Banner006azul

Edición de marzo
Año 1 - Número 4

Descargar ePub
Descargar Kindle
Descargar PDF
Nº 1 - diciembre
Nº 2 - enero
Nº 3 - febrero
Nº 5 - abril
Nº 6 - mayo
Nº 7 - junio
Nº 8 - julio
Nº 9 - agosto
Nº 10 - septiembre
Nº 11 - septiembre

Microlecturas

  • La ranita Yizzell 
    La ranita Yizzell, croando feliz, llega a su casa, pues una medalla de honor portaba en la solapa.
    Su madre contenta, pregunta por su distinción, que reluciente le brilla como un rayo de sol.
    “Es una buena nota, querida mamita”, responde dichosa Yizzell, la ranita, ya que con orgullo y sin reparo, abrió de cabeza a rabo a un humano saltarín.
    La madre, risueña, le pregunta por aquella tarea, y la ranita asqueada le responde: “Ay mamita, qué cosas tan feas”
    “El corazón de uno arrancamos, para dar de comer a los gusanos y de otro, sus tripas partimos en trocitos, pues había que darle de comer a todos los mosquitos”
    Y así terminó su día Yizzell, la pequeña ranita, contándole a su madre, cómo le había ido en su escuelita.
     
    Federico Ochoa
  • El misterioso caso del descuartizamiento
    de un vendedor de seguros y de su amante
     

    Desperté tendido en medio de una calle solitaria. Estaba ofuscado y lleno de sangre. No podía mover ni un músculo.
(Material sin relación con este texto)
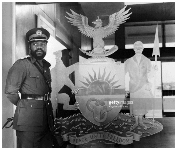
Рис. 7.3. Ч. Одумегву-Оджукву на фоне герба Восточной Нигерии 38

Официальный герб Biaфры в своей основе содержит герб Восточной Нигерии 1960 37 :

Después comprendí: me habían arrollado. Un Rottweiler olfateaba los huesos que salían de mi tórax. De un coche bajaron mi esposa y el vendedor de seguros.
    —Bien hecho —dijo el hombre—. ¡Está muerto!
    —¡Ay, Dios! —dijo mi mujer—. Lo hice.
    —Tenemos que hacer el papeleo. Vámonos antes de que llegue alguien.
    Se besaron en la boca, subieron al vehículo y arrancaron, echándome gravilla en la cara.
    Horas más tarde me levanté como si nada. ¡No lo podía entender! Juré venganza. Caminé y observé mi rostro en un charco. ¡Dios santo! Yo era el perro. ¿Cómo me vengaría de ese par? Mostré los colmillos y gruñí.
    ¡Por supuesto que había forma de hacerlo!

    Servando Clemens

  • Domingo de ofertas 
    El centro comercial quedó en penumbras. Fue arduo el trabajo, pero la necesidad hace que superemos todos los obstáculos. No en vano invertí varias noches en ubicar la acometida eléctrica principal.
    Debo apresurarme, pues la cuadrilla de mantenimiento detectará pronto el origen de la falla y vendrá a repararla.
    Oigo el pulular de los visitantes. Parecen en estampida; agitándose inquietos en la oscuridad… buscando a sus hijos para protegerlos. Fue excelente mi elección, pues la cantidad de gente es mucho mayor el domingo, especialmente cuando cae la tarde.
    La gritería me excita, al igual que los cuerpos temblorosos cuando emanan ese especial olor que produce el miedo. Casi puedo acariciar la angustia que sienten.
    Llegó el momento; dispongo de algunos minutos para saciar mi hambre. Me siento débil, pues desde hace días no me alimento; por ello hoy sólo atacaré niños… la piel de sus cuellos es más suave para mis ya desgastados colmillos.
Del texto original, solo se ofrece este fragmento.